Klara Maria Stöckl-Heinefetter, also Clara Stöckl-Heinefetter (17 February 1816 – 24 February 1857) was a German operatic soprano.

== Life ==
Heinefetter was born into a poor Jewish family in Mainz and was one of five Heinefetter sisters, all of whom were able to develop stage careers. Initially, she was trained musically and vocally by her older sister Sabine. In 1829, she accompanied her to Paris, where the prima donna Maria Malibran took notice of her and instructed her in singing. In 1831, Klara came to Vienna with her sister and made her debut on 16 January 1832 as Agathe in Der Freischütz by Carl Maria von Weber at the Theater am Kärntnertor. She subsequently received a three-year engagement there and was used in smaller roles.

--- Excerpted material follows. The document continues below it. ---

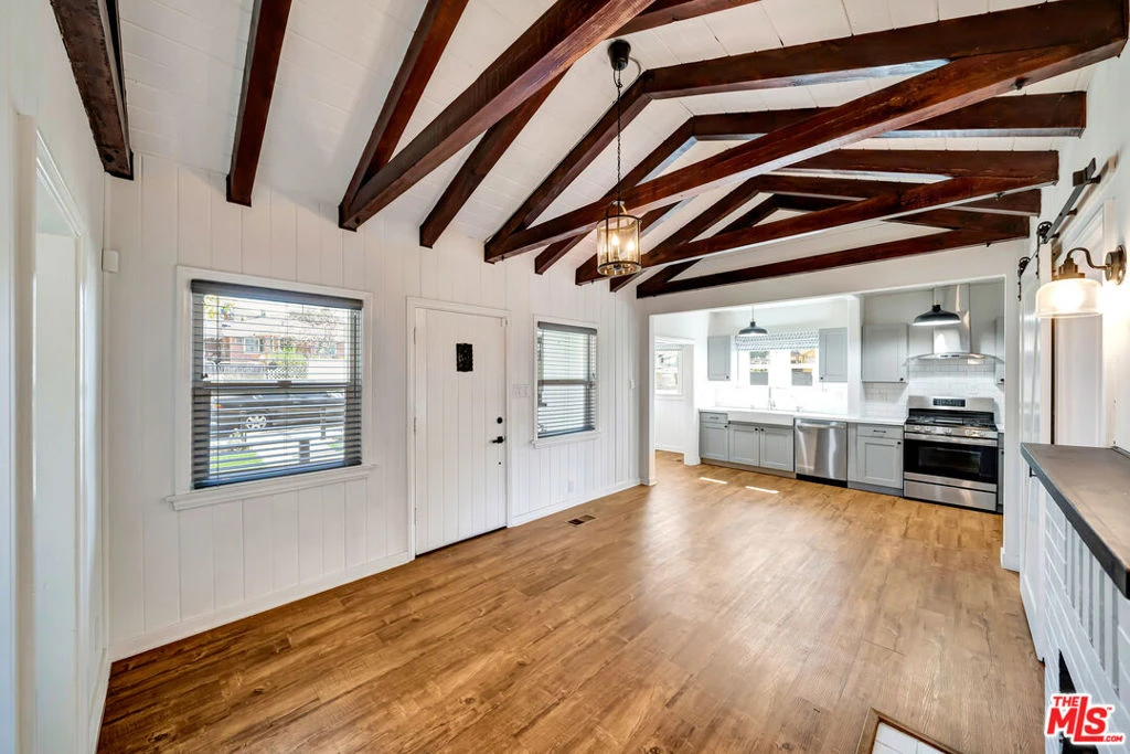 Welcome to this charming, beautifully updated 2-bedroom front house offering 949 sq ft of warmth and character. Step into a bright living room featuring vaulted wood-beamed ceilings and a functional gas fireplace, creating a cozy and inviting atmosphere. The open-concept kitchen includes a refrigerator, oven, microwave, dishwasher, water osmosis purification system, and ample cabinet space. A cozy, versatile bonus space near the entry is perfect for a home office, exercise area, or a breakfast nook with views of the landscaped front yard. At the end of the kitchen, you'll find a convenient in-unit washer and dryer, along with natural light streaming in from backyard-facing windows. A step-down den provides the perfect relaxing space for a TV room, with French doors leading to a private backyard retreat. Enjoy outdoor living at its finest with a patio, a built-in BBQ, and a well-maintained lawn surrounded by fruit trees. An herb garden along the side of the house is perfect for those who love to cook their homegrown vegetables. Extra storage is available in the basement. Central A/C and heating ensure year-round comfort. Shared driveway parking with back house tenants, plus street parking is available. Water is included; the tenant is responsible for electricity, gas, and other services. Minimum 12-month lease. Nestled in a peaceful neighborhood with nature views while still being close to shopping, dining, and public transportation. Don't miss out on this charming rental. Schedule your private tour today!

After further vocal training with Giuseppe Ciccimarra in Vienna, she sang Donna Elvira in Don Giovanni by Mozart, Romeo in I Capuleti e i Montecchi by Vincenzo Bellini, the page in Jean de Paris by François-Adrien Boieldieu, the Countess Reuberholm in Le Bal masqué by Daniel-François-Esprit Auber, Camille in Zampa by Ferdinand Hérold, Irma in Le maçon by Daniel-François-Esprit Auber, the queen in Le Pré aux Clercs by Ferdinand Hérold and other large parts.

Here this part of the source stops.